The Landing Craft Infantry

Faced with the challenge of mounting a cross channel invasion from England to France, the US and Britain realized that small landing craft like the famed Higgins boat would be enough to land the very first assault echelons, but the need to very rapidly build up forces on the far shore would require something more substantial. The ideal craft would lift a reinforced rifle company, be capable of berthing and feeding them for about 48 hours, and be able to land them directly upon the far shore.  The result was the Landing Craft Infantry (Large).

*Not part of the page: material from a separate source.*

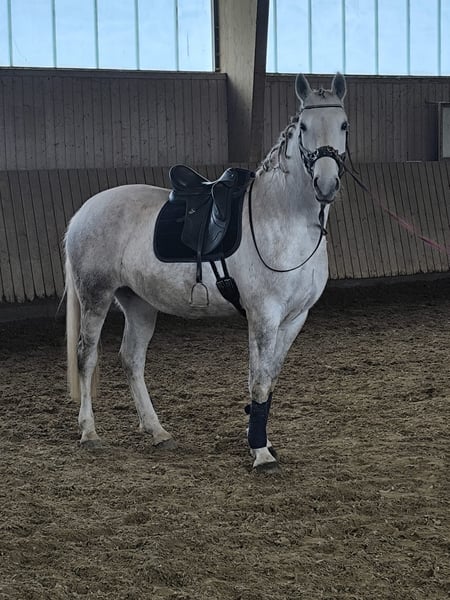 Für meine Stute suche ich ein passendes neues zu Hause, weil sie in unserem kleinen Laufstall daheim nicht ganz glücklich ist. Sie harmoniert nicht optimal mit meinem anderen beiden kleinen Stuten und auch ich selber bin momentan etwas eingeschränkt in meinen Möglichkeiten. Trotz ihrer Größe bringt die Stute sämtliche typischen Merkmale eines Lipizzaners mit: große Arbeitsfreude, tolle Gänge, sie ist sehr menschenbezogen verschmust und klug. Wenn man ihr die entsprechende Sicherheit gibt, ist sie unglaublich cool und trotzdem feinfühlig. Ich habe sie vierjährig vor zwei Jahren direkt aus dem Gestüt Sambata de Jos bekommen. Sie war schon sattelfest und ich glaube auch eingefahren. Die nächsten drei Monate wurde sie nach klassischen Grundsätzen gearbeitet. Bei mir daheim stehend haben wir sie zu Ausritten und Pferdeparaden mitgenommen, hier ist sie auch mega entspannt. Zur weiteren Ausbildung steht sie jetzt wieder in Überlingen in einem sehr renommierten Stall ( langjährige Lusitanozucht, Ausbildung nach Prof Dr Stodulka, Franklin etc) Ich wünsche mir für sie einen Platz wo sie klare Strukturen und faire Führung bekommt. Durch ihre Größe und Körperstruktur ist sie ideal für für einen größeren Menschen , der gerne von dem unglaublichen Potential eines Lipizzaners profitieren möchte. Denkbar wäre neben der klassischen Dressur auch als Kutschpferd oder in der Working Equitation ( für diesen Zweck hatte ich sie ursprünglich angeschafft) Schmied, Wurmkur, Impfung, Zähne, alles aktuell. Gerne gebe ich auf Anfrage weitere Informationen sowie Bilder.

The basic hull was 158 feet long, with a beam of 23 feet. Power was provided by two “Quad Pack” Detroit Diesel engines driving two shafts with reversible pitch propellers.  The Quad Pack was an interesting engine design. No diesel engine of suitable size and power was in production, so Detroit Diesel took four of their existing 6-71 engines, and coupled them to a shared driveshaft. The resulting 1704 cubic inch displacement engine would be used in multiple ships. The LCI(L) had a top speed of about 16 knots, and could maintain 15 knots. At a cruising speed of 8-10 knots, the ship had a range of about 4000 nautical miles, allowing it to self deploy from the US to Britain or to the distance Pacific. While it could self deploy, it could not embark troops for such a voyage.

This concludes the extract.